ACTION ITEM.
No pictures, please. Output the lines from the start of the data through the line that contains "在锋面气旋中,由于冷锋的移动", both included, exactly as they stand.

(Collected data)
[Start of Attachment]

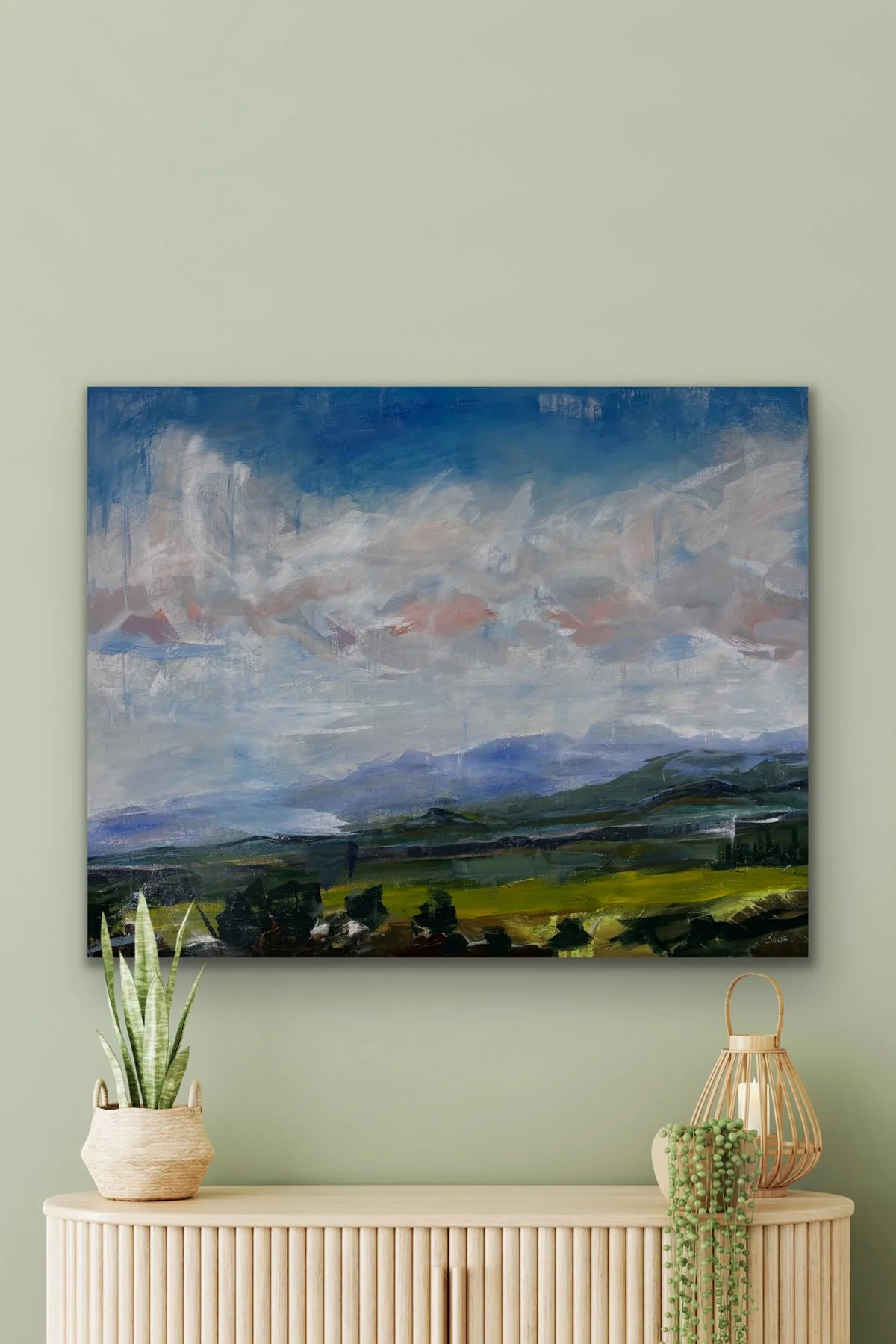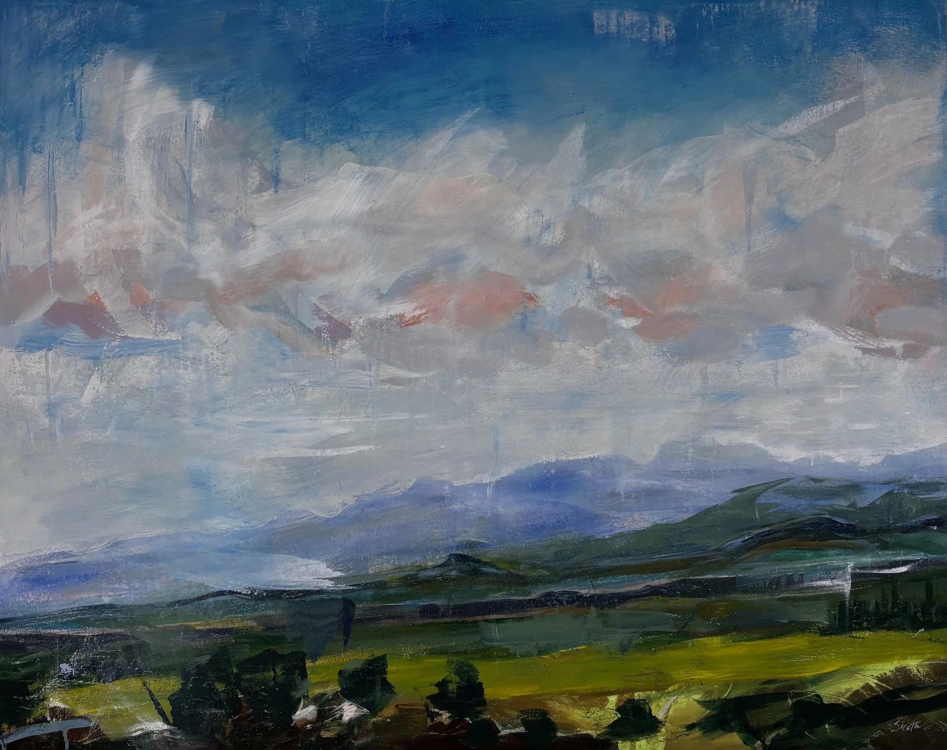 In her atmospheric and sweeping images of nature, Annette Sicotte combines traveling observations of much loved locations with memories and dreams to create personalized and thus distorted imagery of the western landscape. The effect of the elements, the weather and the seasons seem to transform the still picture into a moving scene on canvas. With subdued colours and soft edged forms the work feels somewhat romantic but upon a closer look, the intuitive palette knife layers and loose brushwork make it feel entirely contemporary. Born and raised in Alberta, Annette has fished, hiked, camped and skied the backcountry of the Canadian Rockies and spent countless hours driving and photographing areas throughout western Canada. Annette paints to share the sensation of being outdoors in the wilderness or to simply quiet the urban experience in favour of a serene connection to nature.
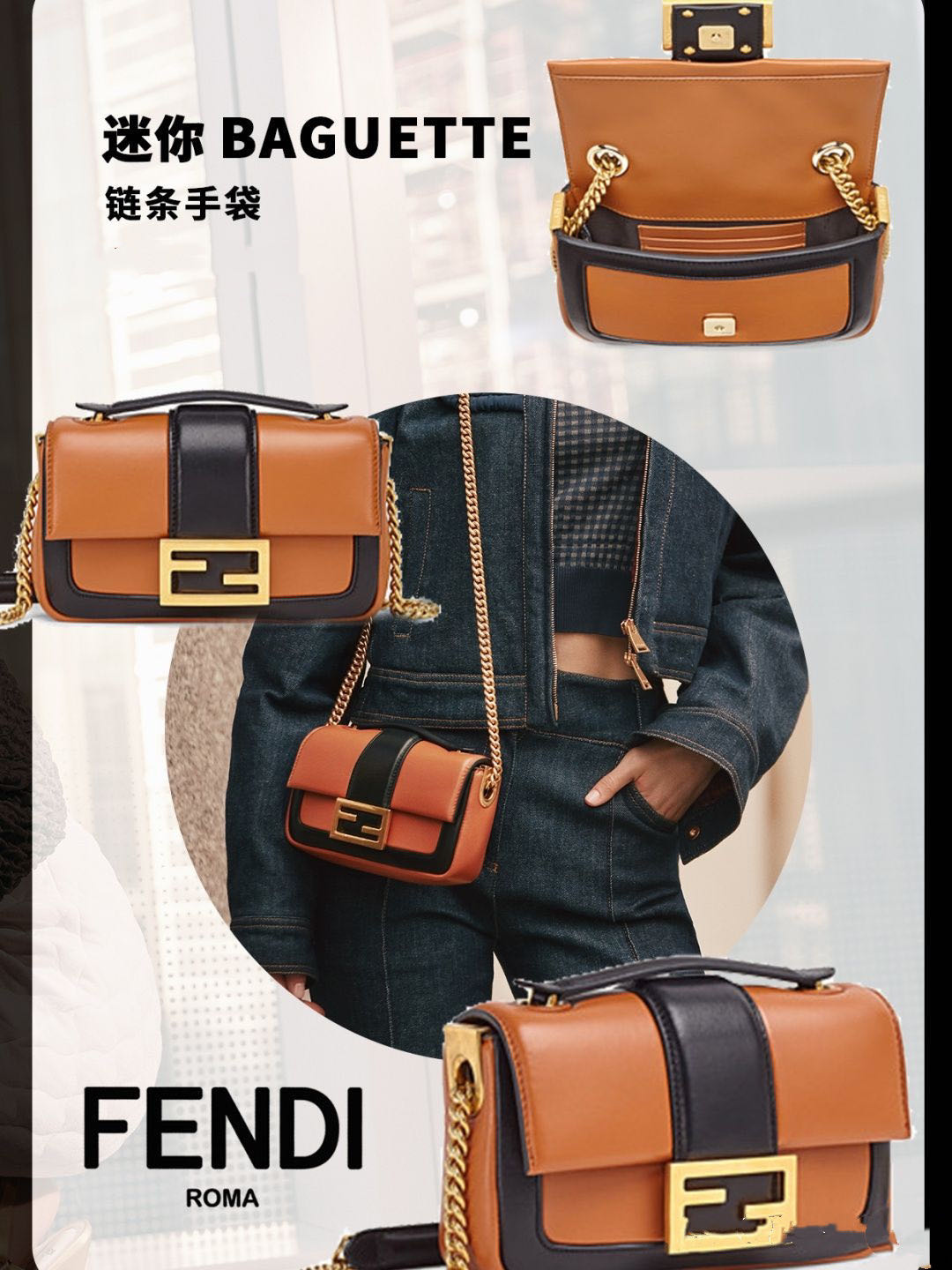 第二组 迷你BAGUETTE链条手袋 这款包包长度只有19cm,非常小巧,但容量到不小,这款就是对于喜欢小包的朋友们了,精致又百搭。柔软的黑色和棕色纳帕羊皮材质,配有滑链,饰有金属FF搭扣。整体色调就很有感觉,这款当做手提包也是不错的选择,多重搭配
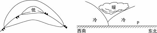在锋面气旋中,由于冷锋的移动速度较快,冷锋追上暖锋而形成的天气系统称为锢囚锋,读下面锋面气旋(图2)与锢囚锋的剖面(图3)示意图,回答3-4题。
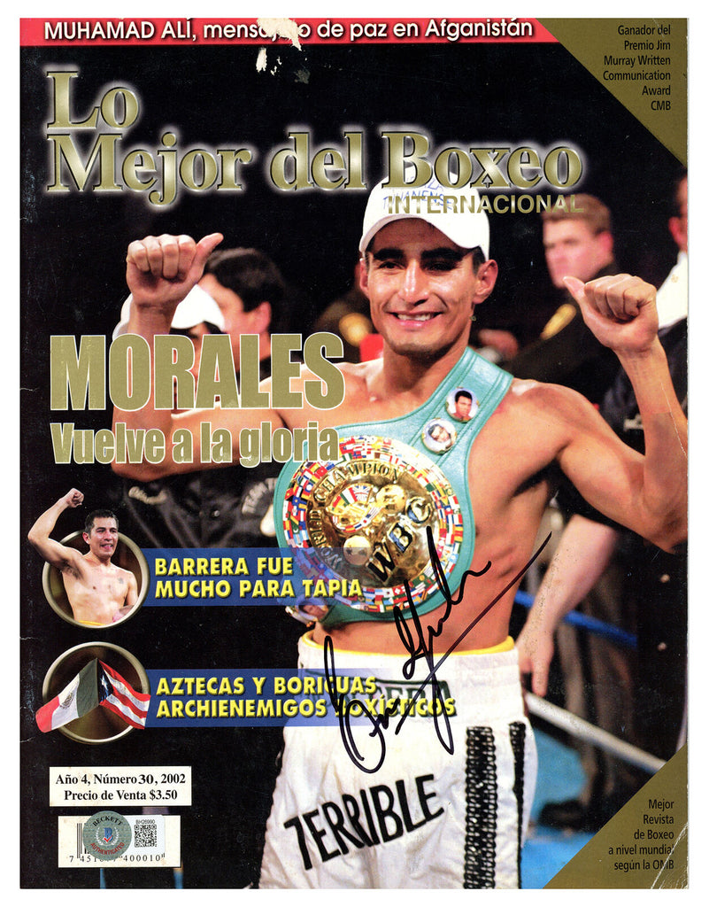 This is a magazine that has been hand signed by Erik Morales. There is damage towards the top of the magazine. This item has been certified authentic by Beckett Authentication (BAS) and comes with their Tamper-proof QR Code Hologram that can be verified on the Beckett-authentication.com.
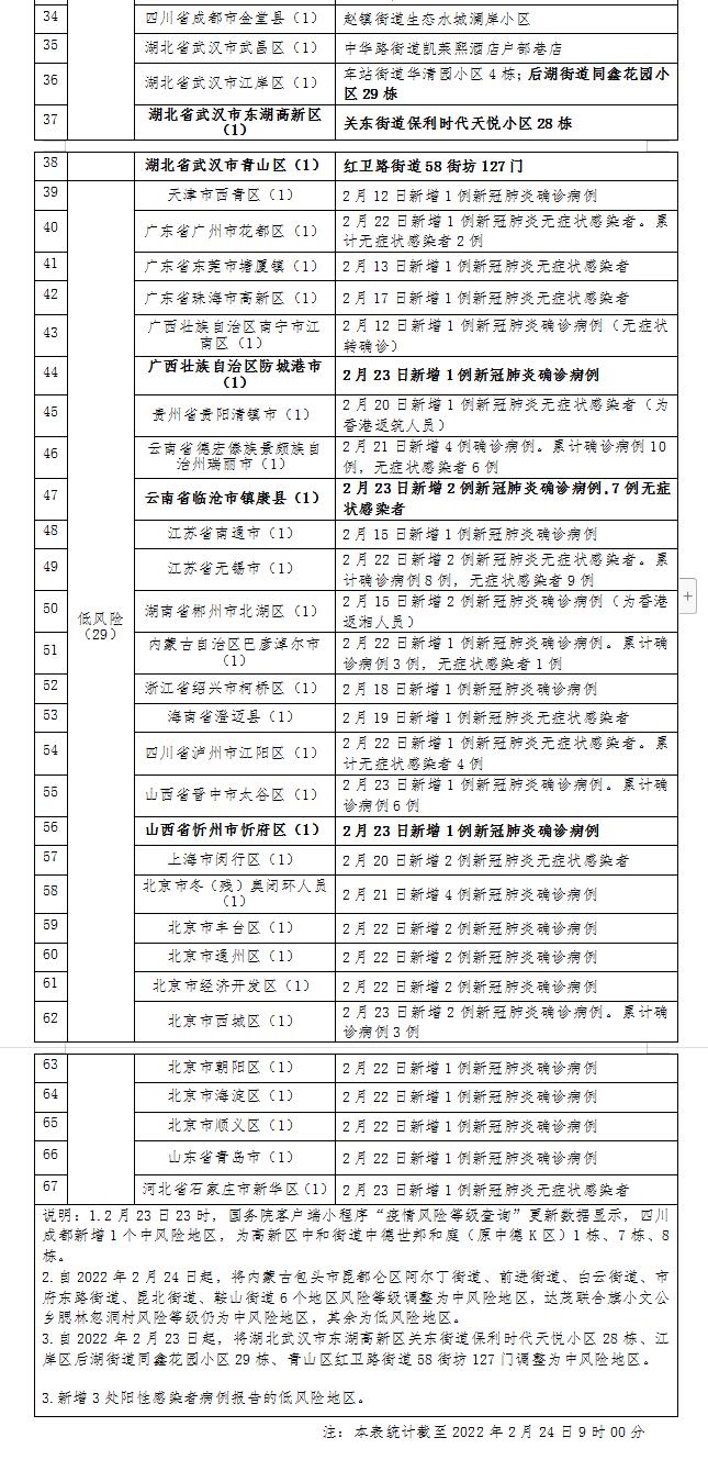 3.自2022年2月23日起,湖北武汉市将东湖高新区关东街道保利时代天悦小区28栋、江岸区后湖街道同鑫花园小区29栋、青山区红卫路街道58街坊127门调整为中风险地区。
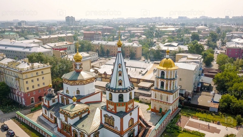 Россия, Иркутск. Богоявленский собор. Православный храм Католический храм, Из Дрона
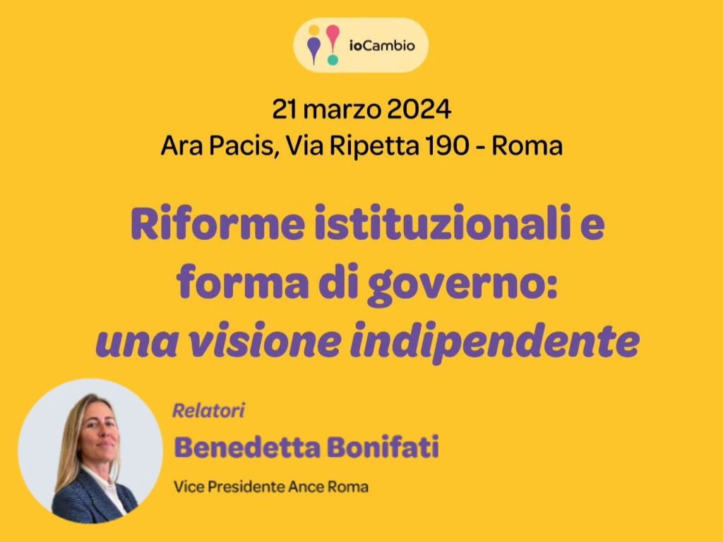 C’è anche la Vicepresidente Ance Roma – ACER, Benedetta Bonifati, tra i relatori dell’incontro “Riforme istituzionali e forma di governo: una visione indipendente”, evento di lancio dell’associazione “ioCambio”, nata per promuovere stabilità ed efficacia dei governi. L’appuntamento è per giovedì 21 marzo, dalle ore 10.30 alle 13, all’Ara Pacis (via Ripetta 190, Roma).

[End of Attachment]

TASK RESULT.
 In her atmospheric and sweeping images of nature, Annette Sicotte combines traveling observations of much loved locations with memories and dreams to create personalized and thus distorted imagery of the western landscape. The effect of the elements, the weather and the seasons seem to transform the still picture into a moving scene on canvas. With subdued colours and soft edged forms the work feels somewhat romantic but upon a closer look, the intuitive palette knife layers and loose brushwork make it feel entirely contemporary. Born and raised in Alberta, Annette has fished, hiked, camped and skied the backcountry of the Canadian Rockies and spent countless hours driving and photographing areas throughout western Canada. Annette paints to share the sensation of being outdoors in the wilderness or to simply quiet the urban experience in favour of a serene connection to nature.
 第二组 迷你BAGUETTE链条手袋 这款包包长度只有19cm,非常小巧,但容量到不小,这款就是对于喜欢小包的朋友们了,精致又百搭。柔软的黑色和棕色纳帕羊皮材质,配有滑链,饰有金属FF搭扣。整体色调就很有感觉,这款当做手提包也是不错的选择,多重搭配
在锋面气旋中,由于冷锋的移动速度较快,冷锋追上暖锋而形成的天气系统称为锢囚锋,读下面锋面气旋(图2)与锢囚锋的剖面(图3)示意图,回答3-4题。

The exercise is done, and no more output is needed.